Stored dataset items:

###

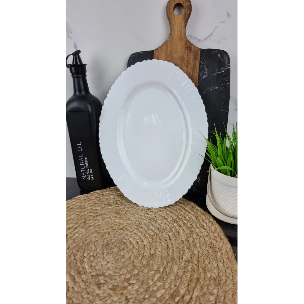 Овальная тарелка WHITE O441012CE, размер №12 (≈30,5 см), из стеклокерамики с волнистым краем — стильная и практичная посуда для подачи вторых блюд, салатов, закусок или десертов. Прочная стеклокерамика устойчива к царапинам и высоким температурам. Волнистый край придаёт сервировке элегантность и утончённость, а прозрачное или белое покрытие позволяет красиво презентовать блюдо.
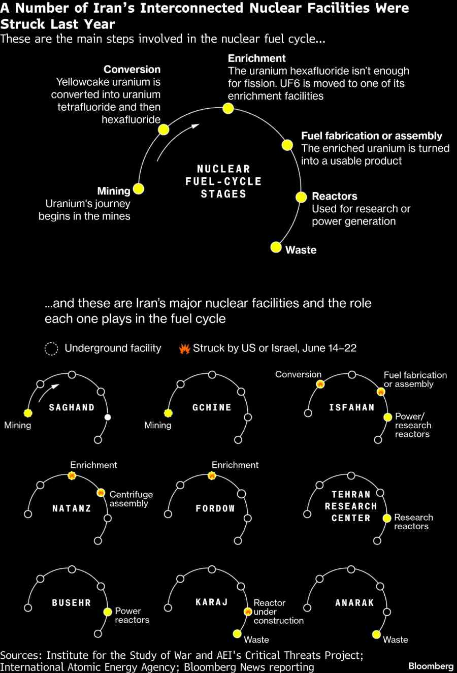 Apakah pengayaan uranium masih dapat dilakukan di dua fasilitas yang diketahui, Fordow dan Natanz, setelah diserang tahun lalu, masih menjadi pertanyaan yang belum terjawab. Citra satelit mengonfirmasi kerusakan parah di permukaan akibat bom penghancur bunker AS, dan gambar selanjutnya menunjukkan upaya rekonstruksi di atas permukaan. Namun, status operasi yang terkubur jauh di bawah tanah masih belum jelas.
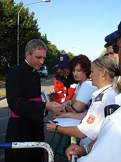Georg Gänswein (* 30. Juli 1956 in Riedern am Wald) ist ein deutscher römisch-katholischer Geistlicher, Diplomat des Heiligen Stuhles und Titularerzbischof. Kardinal Ratzinger, der spätere Papst Benedikt XVI., berief ihn 2003[1][2] zu seinem Privatsekretär. Gänswein blieb dies auch nach Benedikts Emeritierung 2013 bis zu dessen Tod am 31. Dezember 2022. Nach knapp einem Jahr ohne feste Aufgabe in seinem Heimatbistum Freiburg[3] wurde er am 24. Juni 2024 zum Apostolischen Nuntius in Litauen, Estland und Lettland ernannt.[4] Seit dem 6. September 2024 ist er in diesem Amt tätig.
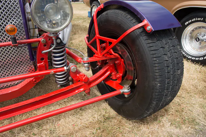 The front end is a craigslist find that came off of a 1936 Ford 1 and ½-ton pickup. “It’s a little beefier than a normal straight-axle,” Jeff explained. “The front axle is also 2-inches wider on each side so there is room for the coilovers.”
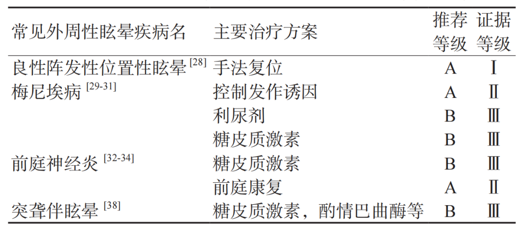表3 急诊常见外周性性眩晕的主要治疗方案
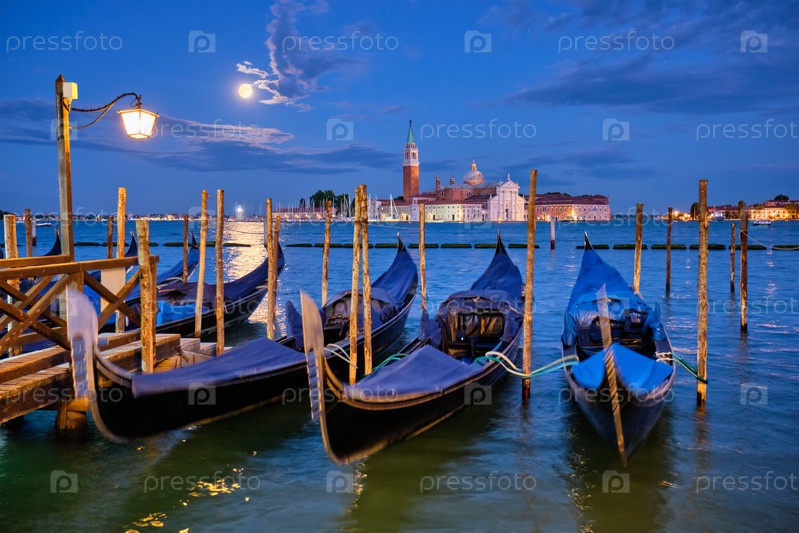 Туристическим фоном Венеции являются гондолы на площади Святого Марка (Сан-Марко) и церковь базилики San Giorgio Maggiore, которую можно увидеть через венецианскую лагуну при полнолунии
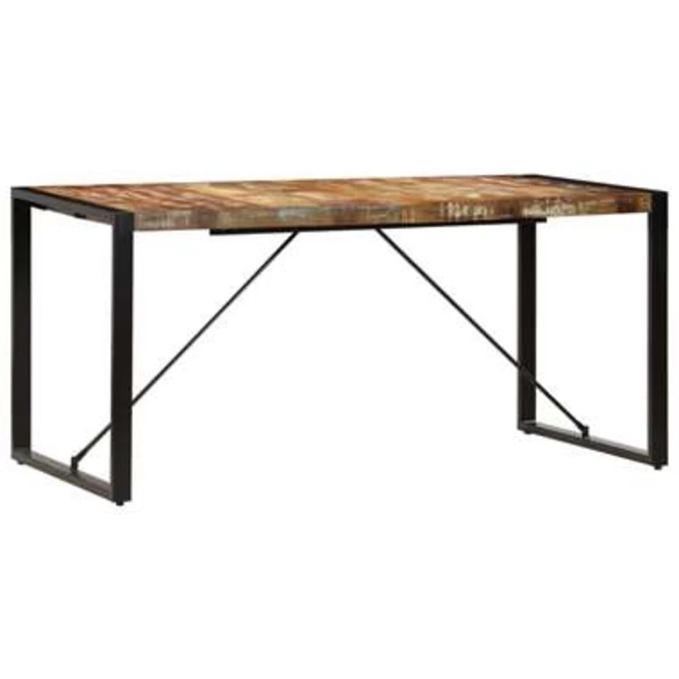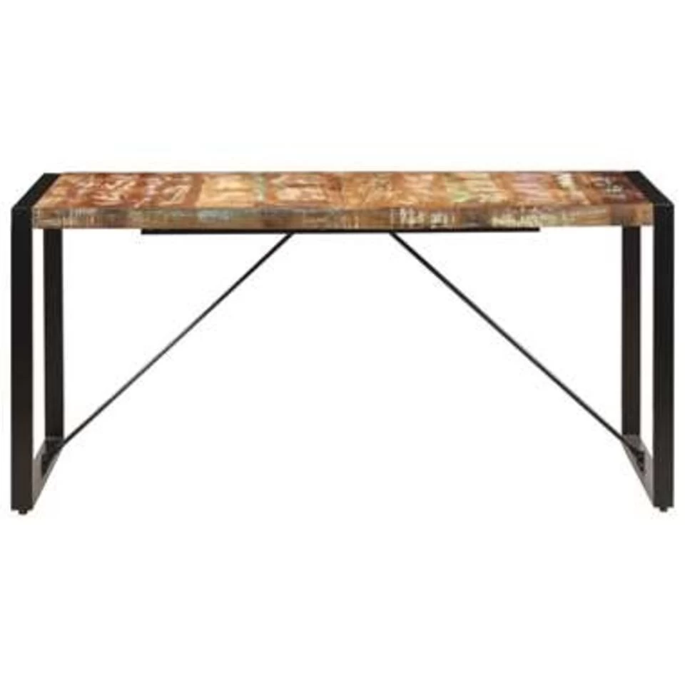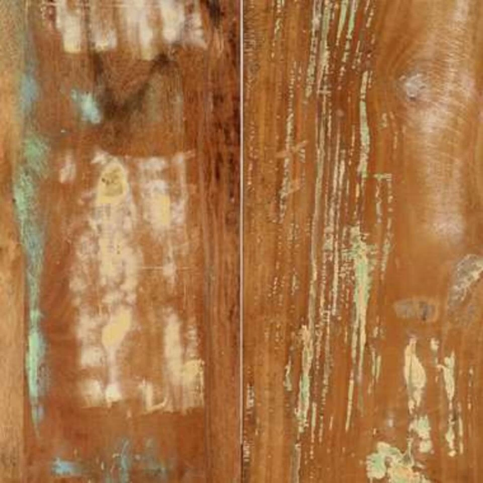 De eetkamertafel in antieke stijl is gemaakt van massief gerecycled hout dat afkomstig is van balken, vloeren en steunbalken van oude gebouwen die zijn gesloopt. Dit hout bestaat uit verschillende houtsoorten, zoals grenen, teak, beuken, eiken, ceder, mangohout en acacia. Dit betekent dat het teruggewonnen hout de kenmerken van deze verschillende houtsoorten heeft. Gerecycled hout is al verouderd, verweerd en gedroogd en krimpt en buigt daarom niet. Deze tafel is volledig met de hand gemaakt en de elegante houtnerven maken elk meubelstuk bijzonder en net iets anders dan de rest. Daarnaast dragen de sterke gepoedercoat stalen poten bij aan de stevigheid van de tafel. De eettafel is eenvoudig te monteren.
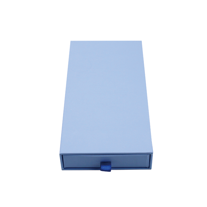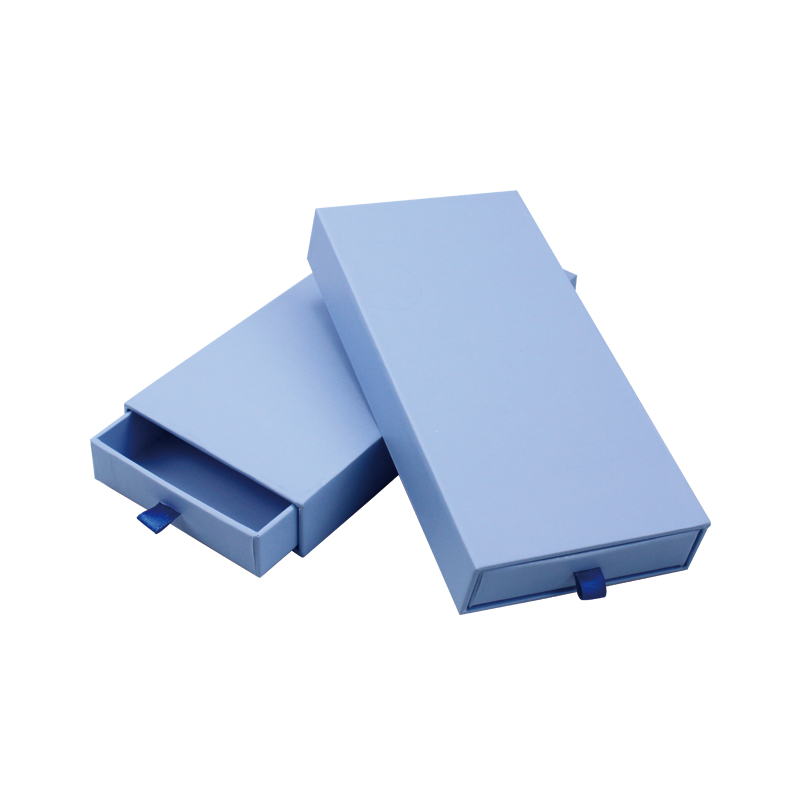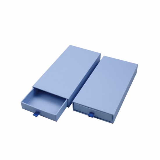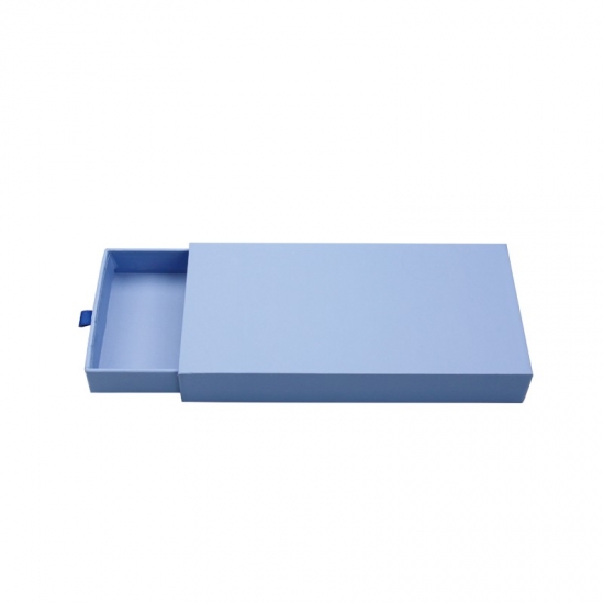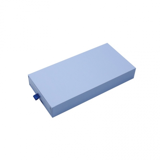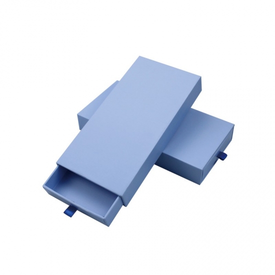 To matowy niebieski kolor proste niebieskie pudełko z szufladą który zrobił z papieru artystycznego C2S 157g + szarej tektury 1200g ,pełne niebieskiego nadruku na zewnątrz i wewnątrz, bez logo, matowe wykończenie powierzchni.
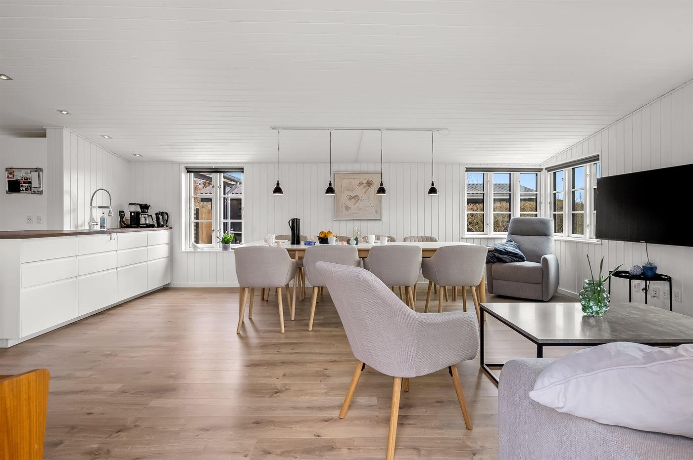 Sommerhuset fremstår i meget fin stand, lyst og moderne og med en god indretning. Husets hjerte er det store åbne køkken/alrum, der ligger i åben forbindelse med stuen, hvor hele familien kan samles og hygge sig, og hvorfra der er direkte adgang til de skønne terrasser. Huset har et boligareal på 105 m2, som gør huset rummeligt med god plads til f.eks. én familie med 2-3 børn eller sågar to mindre familier, som ønsker at nyde ferien i disse fine omgivelser. Det er endda tilladt at medbringe familiens firbenede ven. To af sovepladserne findes i et dejligt anneks, som er oplagt til f.eks. større børn.
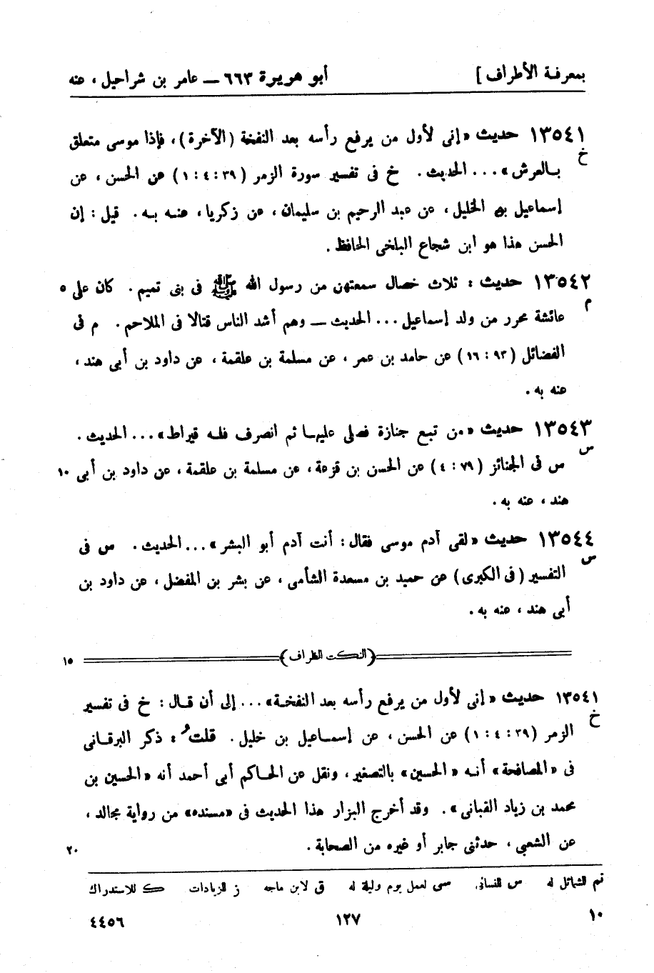 خ في تفسير سورة الزمر (39: 4: 1) عن الحسن، عن إسماعيل بن الخليل، عن عبد الرحيم بن سليمان، عن زكريا، عنه به. قيل: إن الحسن هذا هو ابن شجاع البلخي الحافظ.
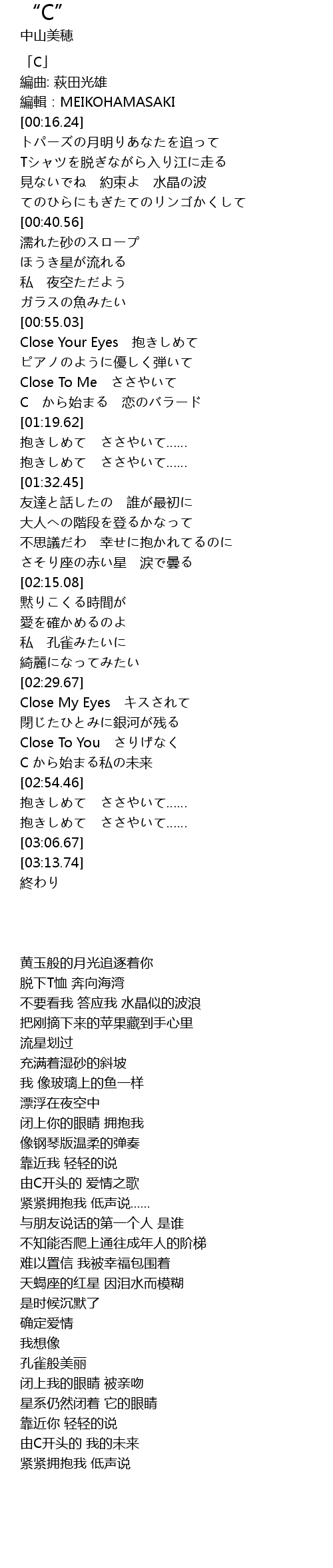 | [00:14.15] | 編輯:MEIKOHAMASAKI |

###

- TASK GOAL
Repeat the exact lines from the first line of the data through the line containing "Apakah pengayaan uranium". Nothing else, no pictures.

- ANSWER AREA
 Овальная тарелка WHITE O441012CE, размер №12 (≈30,5 см), из стеклокерамики с волнистым краем — стильная и практичная посуда для подачи вторых блюд, салатов, закусок или десертов. Прочная стеклокерамика устойчива к царапинам и высоким температурам. Волнистый край придаёт сервировке элегантность и утончённость, а прозрачное или белое покрытие позволяет красиво презентовать блюдо.
 Apakah pengayaan uranium masih dapat dilakukan di dua fasilitas yang diketahui, Fordow dan Natanz, setelah diserang tahun lalu, masih menjadi pertanyaan yang belum terjawab. Citra satelit mengonfirmasi kerusakan parah di permukaan akibat bom penghancur bunker AS, dan gambar selanjutnya menunjukkan upaya rekonstruksi di atas permukaan. Namun, status operasi yang terkubur jauh di bawah tanah masih belum jelas.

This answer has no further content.